── Dataset entries

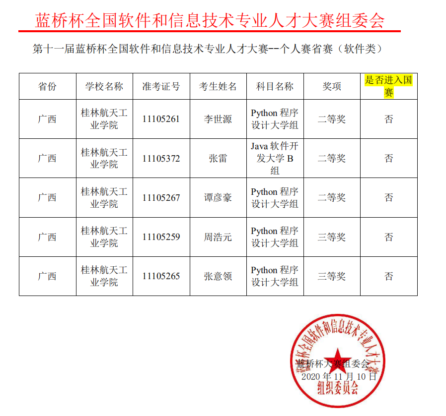 在由工业和信息化部人才交流中心主办的第十一届蓝桥杯全国软件和信息技术专业人才大赛中,beat365官方网站学子在喜获佳绩,8名参加人员中5名同学获得奖项,产生二等奖3名,三等奖2名。
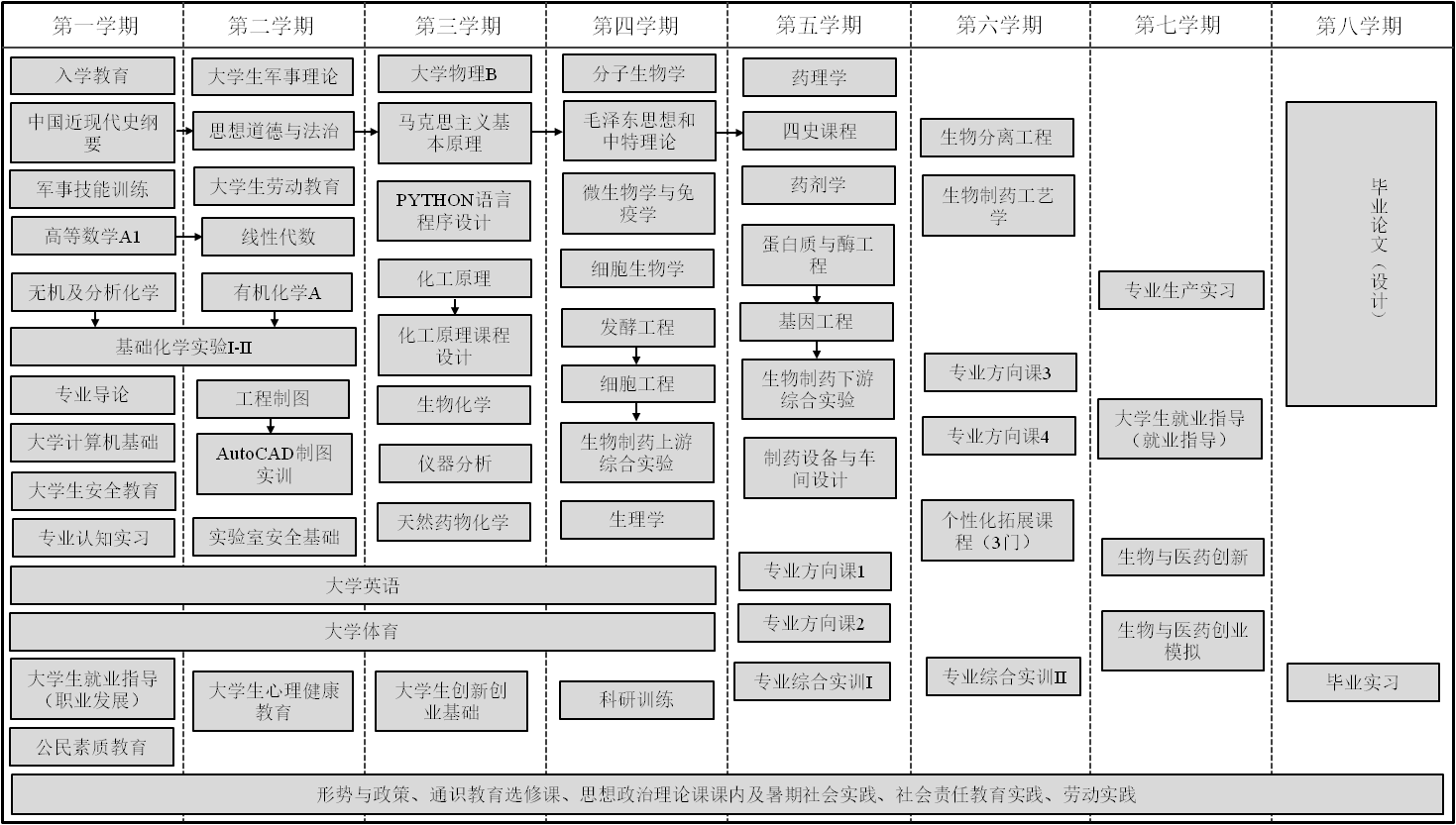专业核心课:生物分离工程、生物制药工艺学、发酵工程、蛋白质与酶工程、制药设备与车间设计等
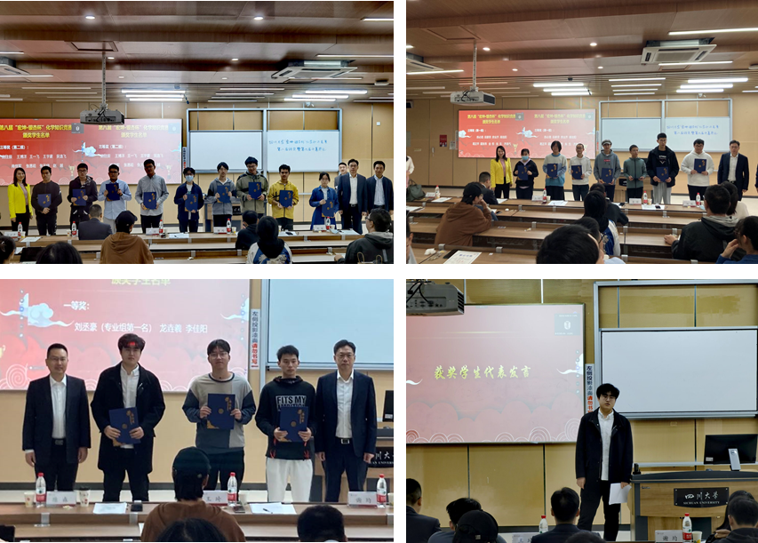 党委副书记肖波老师宣读获奖名单,到场嘉宾共同为获奖同学颁奖。获奖学生代表刘丞豪上台发言,表达了对学校、宏坤集团的感谢,分享了自己学习化学的感悟。
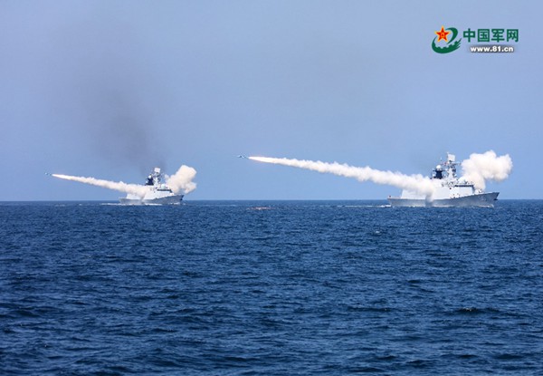 8月7日,海軍在黃海、渤海相關(guān)海空域組織實(shí)兵實(shí)彈對抗演習(xí),最大限度檢驗體系作戰(zhàn)能力、戰(zhàn)法訓(xùn)法、武器裝備效能,共實(shí)射各型導(dǎo)彈數(shù)十枚。李唐 攝(圖片來源:中國軍網(wǎng))
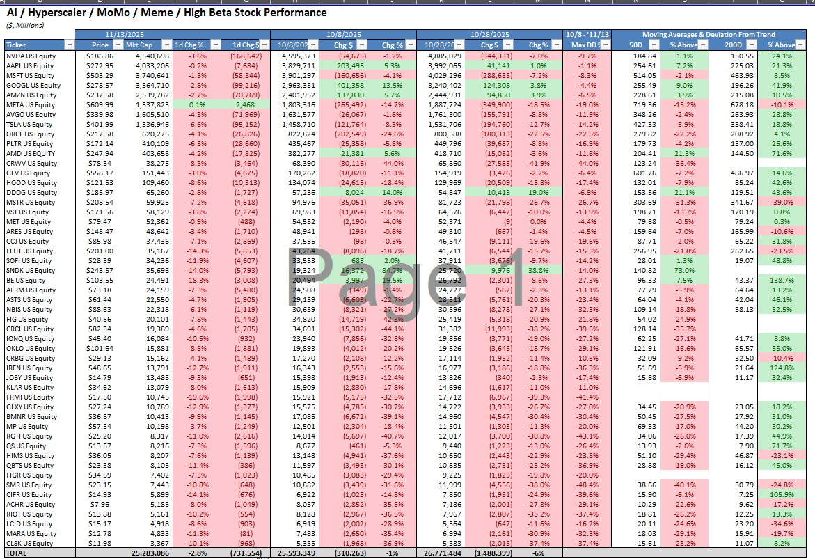 Benny & The Squirrel review the ongoing implosion in bubble stocks related to AI/LLM, High Beta, Momentum, and Memes. We discuss the growing fear of AI/LLM capex spend as we see CRWV & ORCL credit default swaps spreads widen. In other news, Bitcoin pierced $100k to the downside only increasing worries about the ongoing deleveraging in markets.
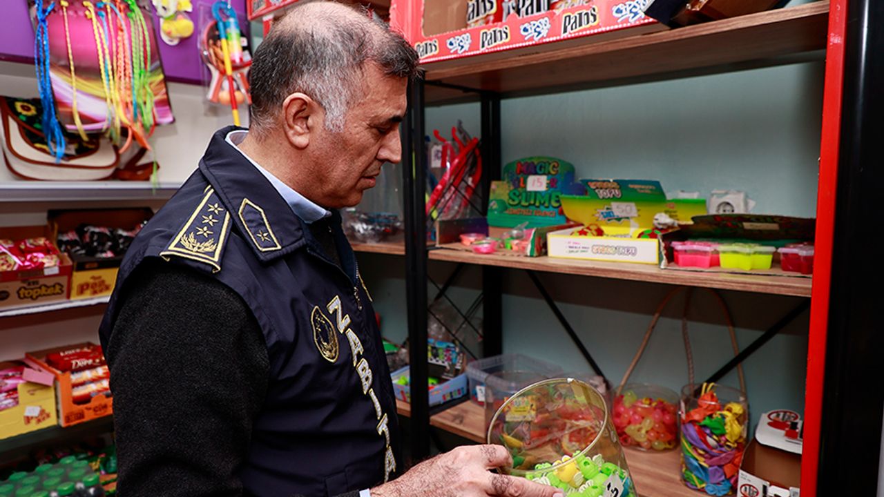 Bir okul kantinin raflarında bulunan ve paket içinde satılan küçük topları inceleyen ekipler, ürünün çocuklar için boğulma riski taşıdığını belirtti. Zabıta, "Bunlar çocukların boğazına kaçabilir, satılmaması lazım" diyerek riskli ürünleri toplattı.

────

> What to produce: Restate the entries word for word, though any image they contain should not appear.

> Result:
 在由工业和信息化部人才交流中心主办的第十一届蓝桥杯全国软件和信息技术专业人才大赛中,beat365官方网站学子在喜获佳绩,8名参加人员中5名同学获得奖项,产生二等奖3名,三等奖2名。
专业核心课:生物分离工程、生物制药工艺学、发酵工程、蛋白质与酶工程、制药设备与车间设计等
 党委副书记肖波老师宣读获奖名单,到场嘉宾共同为获奖同学颁奖。获奖学生代表刘丞豪上台发言,表达了对学校、宏坤集团的感谢,分享了自己学习化学的感悟。
 8月7日,海軍在黃海、渤海相關(guān)海空域組織實(shí)兵實(shí)彈對抗演習(xí),最大限度檢驗體系作戰(zhàn)能力、戰(zhàn)法訓(xùn)法、武器裝備效能,共實(shí)射各型導(dǎo)彈數(shù)十枚。李唐 攝(圖片來源:中國軍網(wǎng))
 Benny & The Squirrel review the ongoing implosion in bubble stocks related to AI/LLM, High Beta, Momentum, and Memes. We discuss the growing fear of AI/LLM capex spend as we see CRWV & ORCL credit default swaps spreads widen. In other news, Bitcoin pierced $100k to the downside only increasing worries about the ongoing deleveraging in markets.
 Bir okul kantinin raflarında bulunan ve paket içinde satılan küçük topları inceleyen ekipler, ürünün çocuklar için boğulma riski taşıdığını belirtti. Zabıta, "Bunlar çocukların boğazına kaçabilir, satılmaması lazım" diyerek riskli ürünleri toplattı.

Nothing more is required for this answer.